Lloyd's Chairman Lord Levene and CEO Richard Ward noted that "we benefited from strong underlying conditions and an exceptionally low level of catastrophes." Ward stressed Lloyd's "strong competitive position" and said its results "compares well with our global peers."

Both leaders inveighed against complacency. Levene indicated "it would be unrealistic to expect such a favorable claims experience this year. With a trend for more frequent and severe natural catastrophes." While Ward stressed that "retaining our competitive edge requires an unrelenting focus on all our customers."

Levene's remarks addressed two themes: 1) Lloyd's reputation, and 2) its leading position in the UK's financial services industry.

Financial giant in U.K. and beyond
Turning to the importance of the financial sector to the UK's economy, Levene pointed out that Lloyd's "is a major component of the Financial Services industry of the UK. Indeed, we represent over 50 percent of the total London market business.

Richard Ward, who replaced Nick Prettejohn as Lloyd's permanent CEO a year ago, has emerged as a forceful leader, dedicated to reforming Lloyd's antiquated business practices. He's determined to do away with the famous slip cases full of paper documents and the four tons of paper Lloyd's produces every day. Following breakthroughs with service providers Xchanging and RI3K, as well as some of the leading brokers and Syndicate managers, he's well on his way to achieving that goal. Lloyd's Syndicates are already at 85 percent of contract certainty.

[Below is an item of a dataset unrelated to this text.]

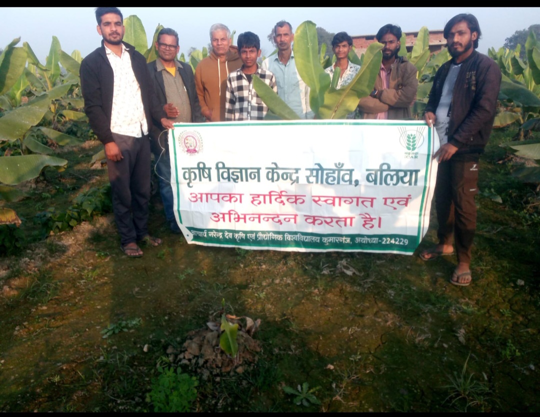 आचार्य नरेंद्र देव कृषि एवं प्रौद्योगिक विश्वविद्यालय कुमारगंज अयोध्या द्वारा संचालित कृषि विज्ञान केंद्र सोहाँव बलिया के वरिष्ठ वैज्ञानिक एवं अध्यक्ष डॉ संजीत कुमार द्वारा जनपद के प्रगतिशील किसान श्री धीरेंद्र कुमार शर्मा उर्फ धीरेन्द्र राय के लगभग 15 एकड़ प्रक्षेत्र का भ्रमण किया जिसके दौरान गेहूं, सरसों बरसीम, प्याज, लहसुन, पत्ता गोभी आलू, केला की खेती खेतों की मेढ़ पर लगाएं गये के पेड़, केंचुआ खाद उत्पादन इकाई, मछली पालन तालाब, सोलर पंप आटा चक्की निर्माणाधीन पैक हाउस आदि का अवलोकन किया l प्रगतिशील किसान श्री धीरेंद्र कुमार शर्मा ने कहा कि कृषि विज्ञान केंद्र बलिया के तकनीकी सहयोग एवं कृषि विभाग, उद्यान विभाग, मत्स्य विभाग आदि के माध्यम से उत्तर प्रदेश सरकार द्वारा वित्तीय सहयोग प्राप्त कर अपने प्रक्षेत्र पर एकीकृत कृषि प्रणाली को अपनाते हुए प्रतिवर्ष लगभग अच्छी आमदनी प्राप्त कर रहे हैं जिन्हें देखकर आसपास के किसान भी वैज्ञानिक खेती को अपनाने के लिए अग्रसर है l कृषि विज्ञान केंद्र बलिया के वरिष्ठ वैज्ञानिक एवं अध्यक्ष डॉ संजीत कुमार ने श्री धीरेंद्र कुमार शर्मा द्वारा अपनाई गई कृषि नवीनतम वैज्ञानिक तकनीकों को देखकर उनकी सराहना किया, डॉ संजीत कुमार ने कहा की वर्तमान समय में सरकार, कृषि वैज्ञानिक एवं कृषि व्यवसाय से जुड़े सभी विभाग किसानों की आय बढ़ाने के लिए प्रयासरत हैं साथ ही साथ डॉ संजीत कुमार ने किसानों से आग्रह किया कि किसान भाई अपने खेतों पर एकीकृत कृषि प्रणाली को अपनाते हुए कृषि के संसाधनों का उचित उपयोग करके वातावरण को संतुलित बनाए रखते हुए अपनी शुद्ध आय को बढ़ाने के साथ-साथ ग्रामीण क्षेत्रों में रोजगार के अवसर पैदा करने में महत्वपूर्ण भूमिका निभा सकते हैं जिससे ग्रामीण क्षेत्रों में निश्चित रूप से खुशहाली आएगी और ग्रामीण क्षेत्र में लोग आत्मनिर्भर बनेंगे तथा सरकार द्वारा चलाया जा रहा विकसित कृषि संकल्प अभियान निश्चित रूप से साकार होगा l उन्होंने कहा कि किसान भाई अपने खेतों से सीधे वीडियो कॉल माध्यम से भी कृषि एवं इससे जुड़े व्यवसायों के बारे में कृषि विज्ञान केन्द्र सोहाँव बलिया के वैज्ञानिकों से चर्चा कर सकते हैं l

Ward's next task, taming the cycle, won't be so easy, but he's upbeat. "There is clear evidence that the market, having worked with the Franchise Performance Directorate over a number of years, is now better prepared to manage the insurance cycle," he stated. "Through a combination of underwriting for profit rather than market share, the use of state-of-the-art modeling tools and better availability and application of data, it is hoped that the market can shield itself from the worse effects of the cycle."

In his final remarks Ward thanked Lloyd's staff, indicating they have "provided strong leadership over the past year and have been instrumental in the delivery of our objectives."